## About this task
Everything from the line containing "着こなしにエッジをもたらすレ" through the final line of the entries, both included, should be copied exactly and with nothing else; please skip pictures.

## Data records
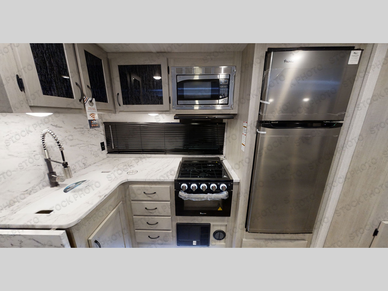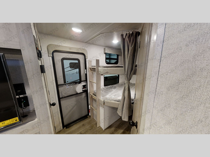 This is the ultimate family-friendly travel trailer thanks to the double-size bunks with bike storage in the back. A king king bed in the front bedroom will make you feel right at home, plus there are dual wardrobes and dual nightstands for your things. The large slide out in the main living area won't leaving you feeling confined, and the tri-fold sofa and booth dinette will provide comfortable seating space. The chef of your group can start lunch on the outside kitchen while the kids grab their scooters from the pass-through storage. And don't forget there is a universal docking station to quickly access your utilities when needed.
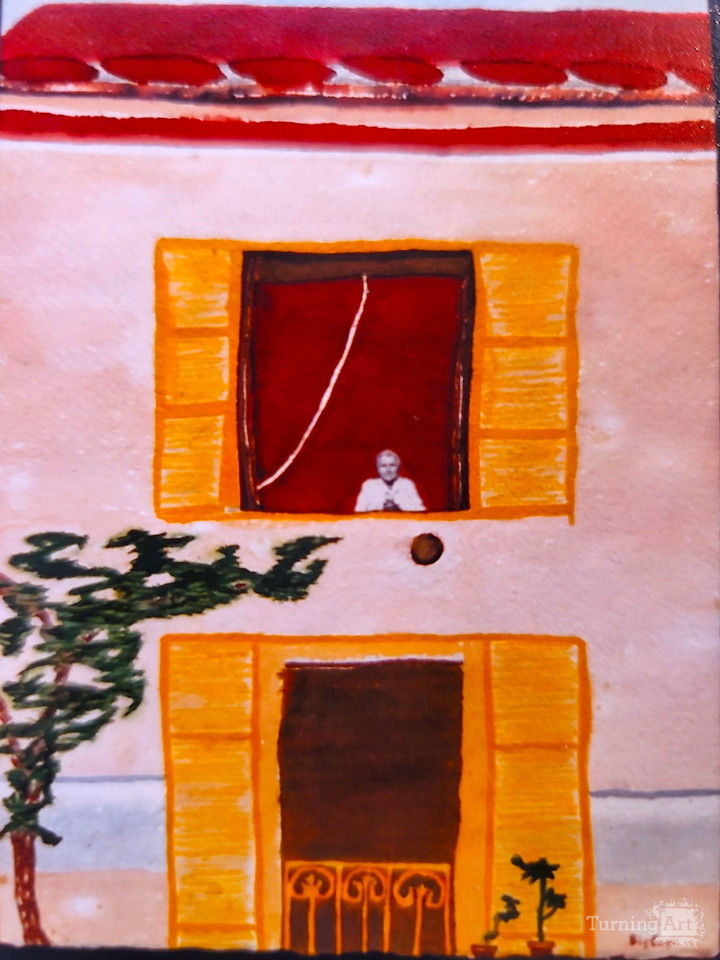 Gertrude Stein rarely left Paris, but once she did, she was very happy in a pink stucco country house. She has just turned away from her writing to gaze out the second-floor window at the green hills and the distant blue sea.
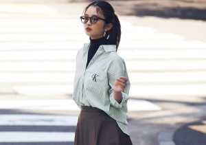着こなしにエッジをもたらすレザー調スカートは、ハンサム見えの即戦力! ブラウンと好相性なグリーンのストライプシャツを合わせて、目を引くチョコミント配色に。シャツの下にはタートルを仕込んで、防寒と奥行きを両立。
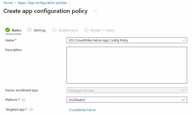 3. Create a Configuration Policy for Managed Devices. Name it “iOS CrowdStrike Falcon App Config Policy”:
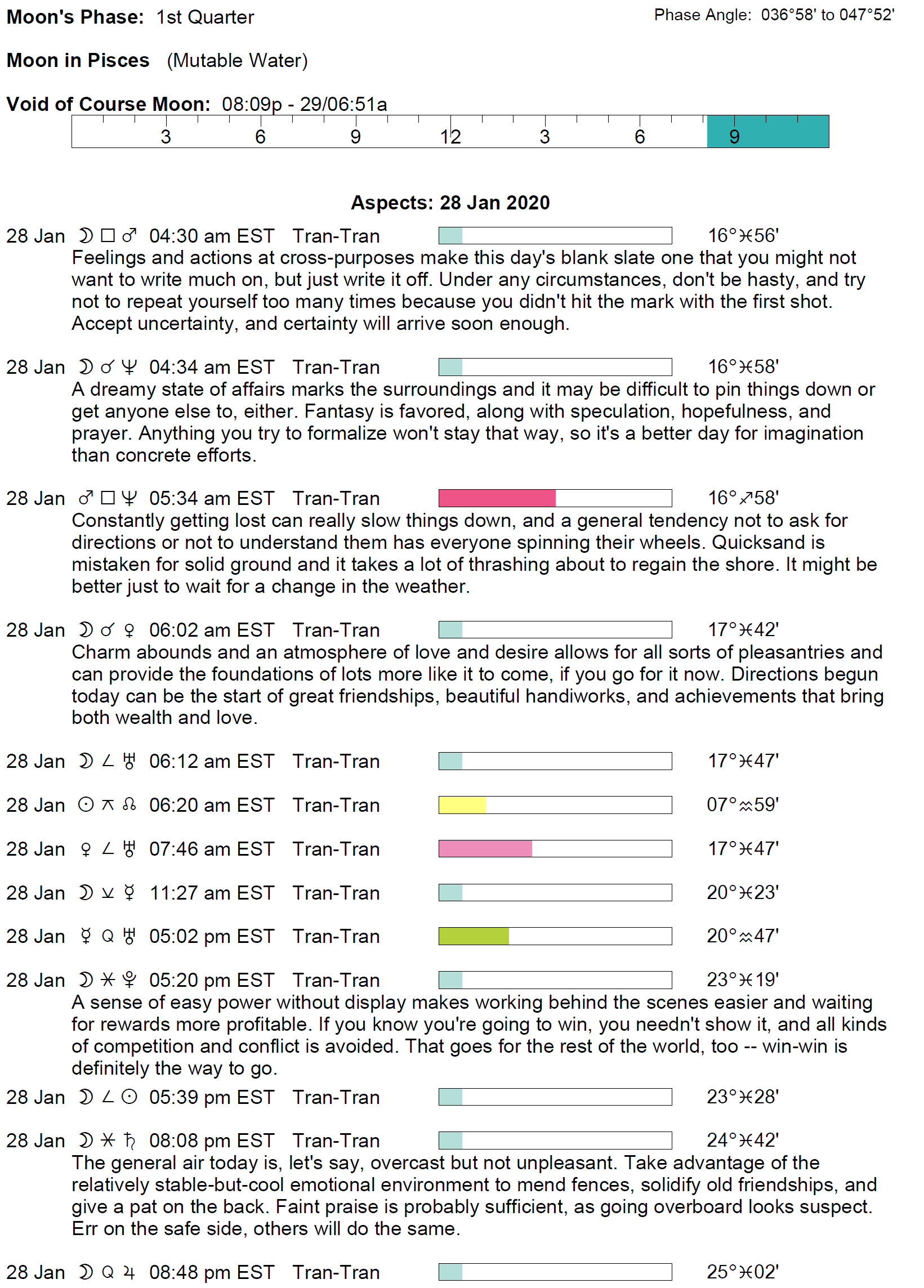 Planet Color Key: The longer the bar, the slower the aspecting planet and the longer the duration of the planet’s transit.
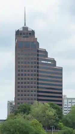 Raymond James Tower is a 21-story skyscraper and is the second tallest building in Memphis, Tennessee. The building is located at the corner of North Front Street and Jefferson Avenue and South Main Street. It is 403.0 feet (122.8 m) tall, including a 61.0 feet (18.6 m) spire, and has 334,668 square feet (31,091.7 m2) of office space.[2]
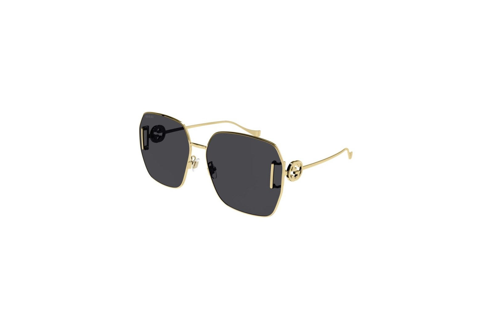 Объемная геометрическая оправа выполнена из легкого золотого металла, а дужки украшены логотипом бренда. Серые линзы на 100% защищают глаза от вредного ультрафиолета. В комплекте — фирменный футляр для очков и салфетка.
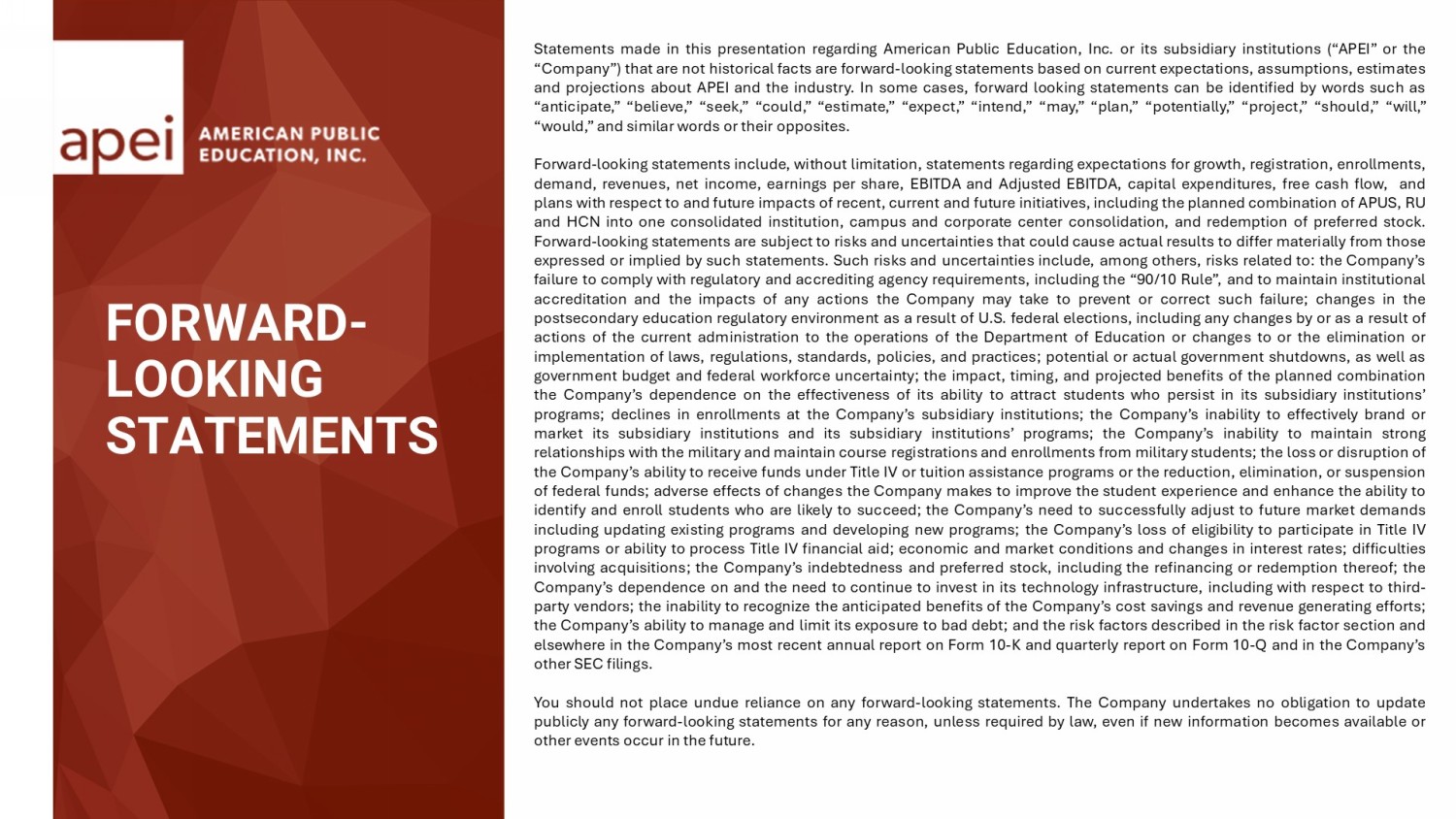 アメリカン・パブリック・エデュケーション社(Nasdaq: APEI)は、その教育機関であるアメリカン・パブリック・ユニバーシティ・システム、ラスムッセン大学、ホンドロス・カレッジ・オブ・ナーシングを通して、人生を変え、キャリアを伸ばし、地域社会を改善する教育を提供している。

## Output
着こなしにエッジをもたらすレザー調スカートは、ハンサム見えの即戦力! ブラウンと好相性なグリーンのストライプシャツを合わせて、目を引くチョコミント配色に。シャツの下にはタートルを仕込んで、防寒と奥行きを両立。
 3. Create a Configuration Policy for Managed Devices. Name it “iOS CrowdStrike Falcon App Config Policy”:
 Planet Color Key: The longer the bar, the slower the aspecting planet and the longer the duration of the planet’s transit.
 Raymond James Tower is a 21-story skyscraper and is the second tallest building in Memphis, Tennessee. The building is located at the corner of North Front Street and Jefferson Avenue and South Main Street. It is 403.0 feet (122.8 m) tall, including a 61.0 feet (18.6 m) spire, and has 334,668 square feet (31,091.7 m2) of office space.[2]
 Объемная геометрическая оправа выполнена из легкого золотого металла, а дужки украшены логотипом бренда. Серые линзы на 100% защищают глаза от вредного ультрафиолета. В комплекте — фирменный футляр для очков и салфетка.
 アメリカン・パブリック・エデュケーション社(Nasdaq: APEI)は、その教育機関であるアメリカン・パブリック・ユニバーシティ・システム、ラスムッセン大学、ホンドロス・カレッジ・オブ・ナーシングを通して、人生を変え、キャリアを伸ばし、地域社会を改善する教育を提供している。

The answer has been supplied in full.